Seconda ipotesi: le circostanze sono favorevoli. In questo caso, nella misura in cui non si evidenziano particolari problemi, la democrazia, bene o male, manterrà una certa stabilità e continuerà a sussistere, divenendo man mano sempre più in grado di funzionare correttamente. In effetti, a) la pace civile favorisce lo sviluppo economico: si passerà dalla barbarie alla civilizzazione

(Tp 10.4). La terra verrà coltivata sempre meglio, si costituirà un settore artigiano, apparirà il commercio, verranno fondate città, sarà inventata o reinventata la moneta, ecc. In queste condizioni, gli uomini potranno sviluppare delle forme d’attaccamento rivolte non solo alla terra, ma anche al denaro. Ora, da un lato il denaro li dividerà meno che la terra, perché è un bene la cui proprietà comporta un minor grado di concentrazione monopolistica: se il mio vicino possiede una certa somma di denaro, potrò certamente desiderare di prendergliela, ma potrò anche contrae su altre soluzioni: potrò acquisire la stessa somma (proprio quella somma, perché nel caso del denaro le differenze qualitative non sussistono più) lavorando e risparmiando. I conflitti economici diminuiranno.
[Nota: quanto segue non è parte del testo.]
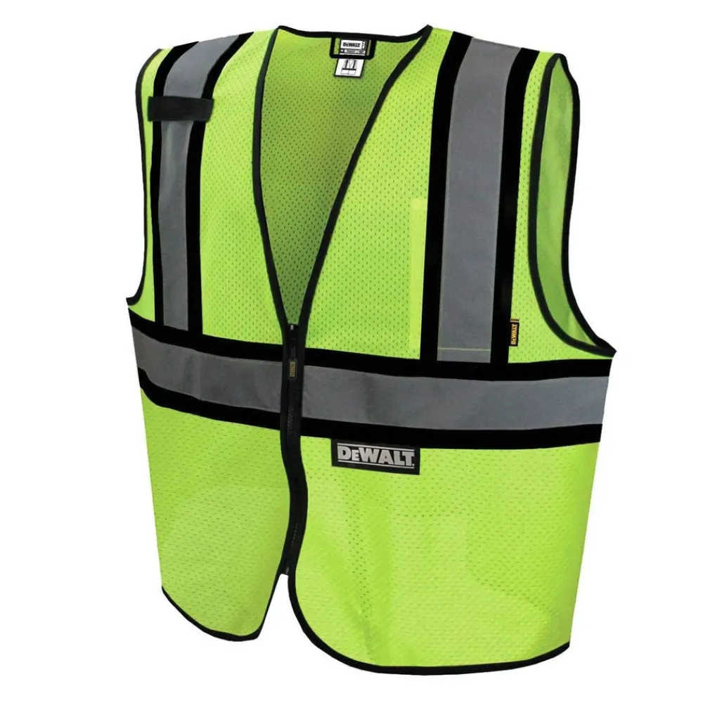 The DEWALT DSV221 Class 2 Economy Mesh Vest with Contrasting Trim will help protect workers with a brand name they know and trust. The DSV221 is built with durable stitch reinforcement at major stress points providing Guaranteed Tough protection. The high visibility mesh material and the 2 in. sewn on reflective tape with contrasting trim helps provide visibility in both bright and low light conditions.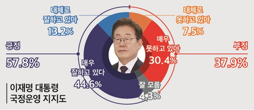 이재명 대통령 국정 운영 평가 '긍정' 57.8% '부정'37.9%...20대 '긍정' 41.8% '부정' 53.0%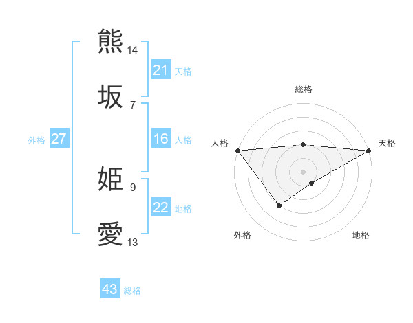 熊坂 姫愛さんを姓名の画数から五運を鑑定
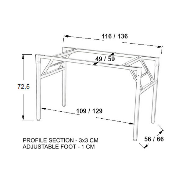 Inklapbaar Tafelonderstel | ORIGAMI | Staal | Zwart | 1160x560x725(h)mm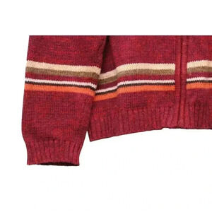 This vintage 90s full zip sweater is a must-have for any fashion-forward woman. The sweater features a striped pattern, long sleeves, and a collared neckline, making it perfect for a travel, party, or casual occasion. The sweater is made of a comfortable and breathable ramie and cotton knit fabric, which adds a touch of bohemian and autumnal vibe to the overall look. The sweater comes in a size large. It also features a full zip closure, which adds a classic and retro touch to the design. Perfect for the fall season, this sweater is a great addition to any wardrobe.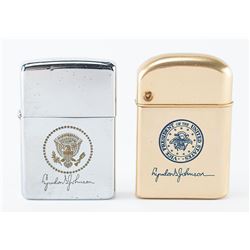 Two Lyndon B. Johnson lighters: a champagne-colored Bowers Sure Fire lighter, marked in blue with the vice presidential seal and Johnson's facsi...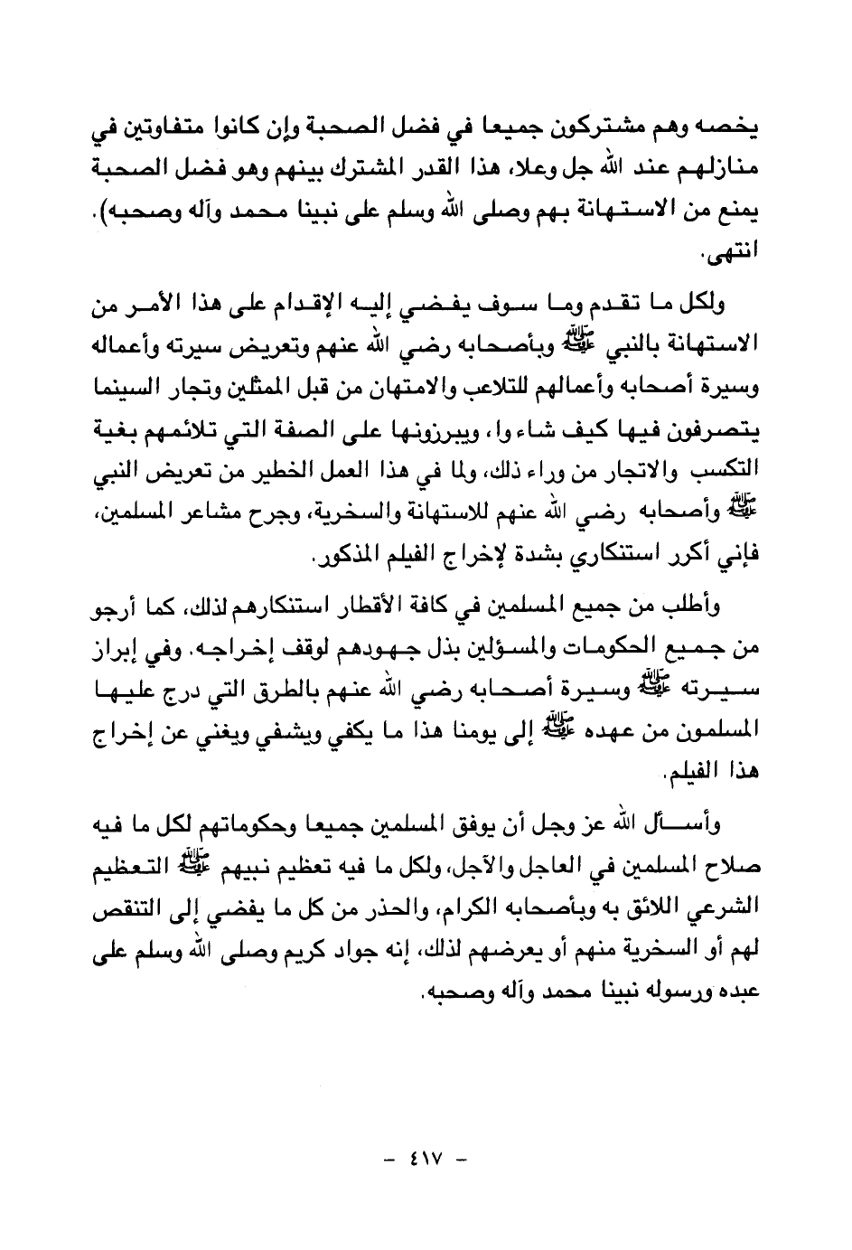 ولكل ما تقدم وما سوف يفضي إليه الإقدام على هذا الأمر من الاستهانة بالنبي صلى الله عليه وسلم وبأصحابه رضي الله عنهم وتعريض سيرته وأعماله وسيرة أصحابه وأعمالهم للتلاعب والامتهان من قبل الممثلين وتجار السينما يتصرفون فيها كيف شاءوا، ويبرزونها على الصفة التي تلائمهم بغية التكسب والاتجار من وراء ذلك، ولما في هذا العمل الخطير من تعريض النبي صلى الله عليه وسلم وأصحابه رضي الله عنهم للاستهانة والسخرية، وجرح مشاعر المسلمين، فإني أكرر استنكاري بشدة لإخراج الفيلم المذكور.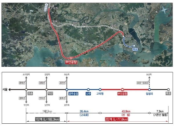고막원∼임성리 구간(43.9km)은 총 7개 공구로 나뉘어 새롭게 건설되며, 나주 고막원역에서 신설 무안공항역을 거쳐 목포 임성리역을 연결하게 된다.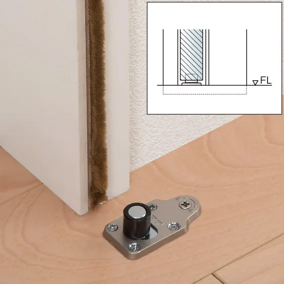 | キャプション | (片引・引違・引分・4枚引違) 床付ガイドピン(標準・同梱) 床面は敷居がなく、フラットな仕上がりです。 ・車イスでも通行しやすく、お掃除もラクラクです。 ・ 振れ止めには床付ガイドピンを採用しています。 扉を吊ったまま前後調整もできます。 |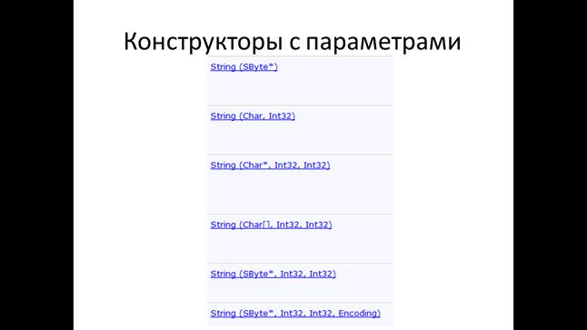 Конструкторы с параметрами предназначены для того, чтобы создавать непустые экземпляры объектов. В качестве параметра конструктора задаются исходные данные для конструирования. Ими могут быть в частности любые другие типы или классы. В программном коде компилятором перегружается нужный конструктор. Например, объект строка может иметь конструктор для целых чисел, чисел с плавающей точкой, символьных массивов и т.д.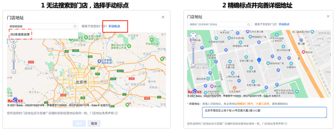 - 功能说明:当商家通过搜索地址找不到自己的门店时,可通过手动标点输入详细门店地址,来完成门店入驻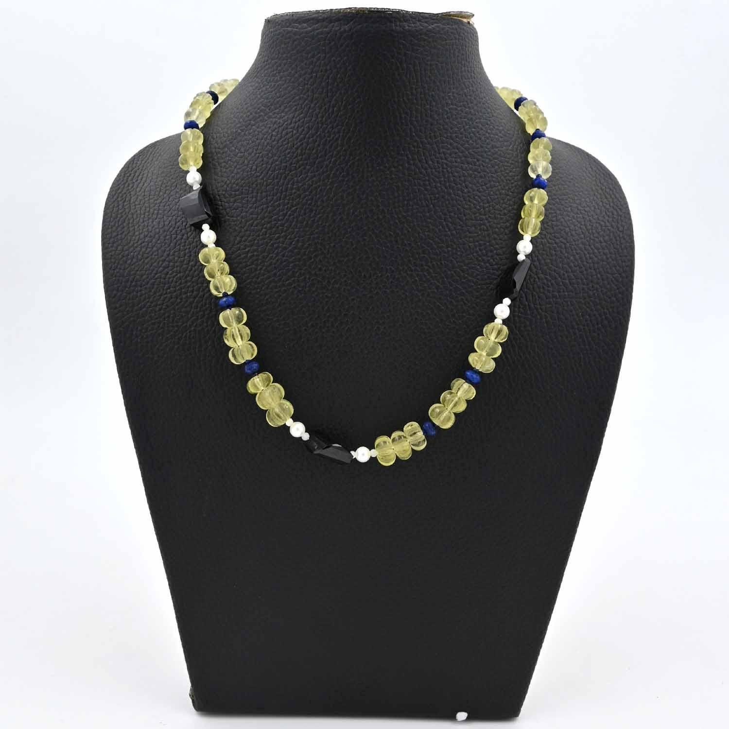 Lemon Quartz Pumpkin Beads Necklace, Fancy Melon Shape Necklace, Lapis Lazuli Beaded Gemstone Necklace, Black Spinel Nugget Bead Jewelry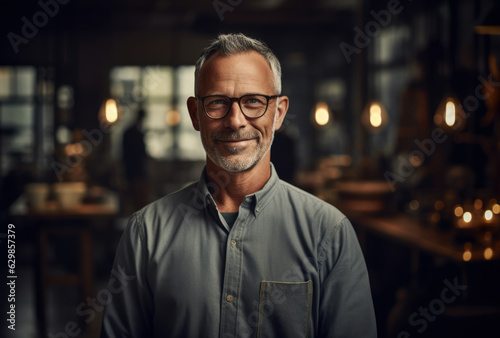 Portrait of a proud business owner in his business premises. Generative AI.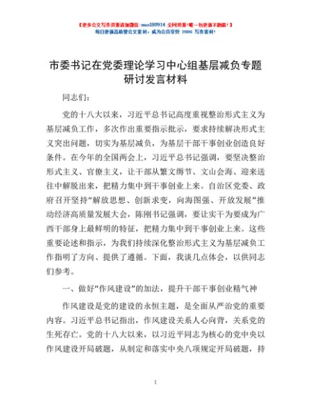 / 市委书记在党委理论学习中心组基层减负专题研讨发言材料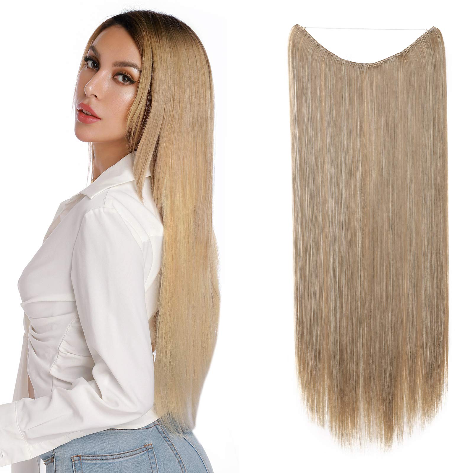 Silk-co Haarverlängerung mit Gummiband, Glatte Extensions mit unsichtbare Schnur, Synthetisch Haarteil wie Echthaar, Haarverdichtung Haar Extensions für Frauen, Blond, 60cm 60 cm Blond

D’altra parte l’economia mercantile creerà positive solidarietà d’interesse: gli uomini tenderanno, in una certa misura, ad accordarsi in ciò che concerne: “gli affari comuni e le arti della pace” (Tp 7.8);

b) poiché gli uomini saranno meno sprovvisti di beni, essi saranno meno preda della superstizione, e quindi svilupperanno meno l’intolleranza: non cercheranno più di imporre agli altri la superstizione, in tutti i suoi dettagli, da loro creduta. La prosperità economica attirerà d’altra parte nel paese popolazioni straniere (Tp 8.12). che a loro volta avranno fede in superstizioni diverse. Questi contatti renderanno impossibile il monolitismo religioso (cfr. TTP inizio del capitolo XVIII p. 221): ci si abituerà ben presto al fatto che non tutti condividono esattamente le stesse credenze. In queste condizioni,

c) poiché i conflitti economici ed ideologici diminuiranno, l’Assemblea del popolo potrà funzionare in modo meno turbolento. Gli uomini diverranno più adeguati a gestire il governo collettivo.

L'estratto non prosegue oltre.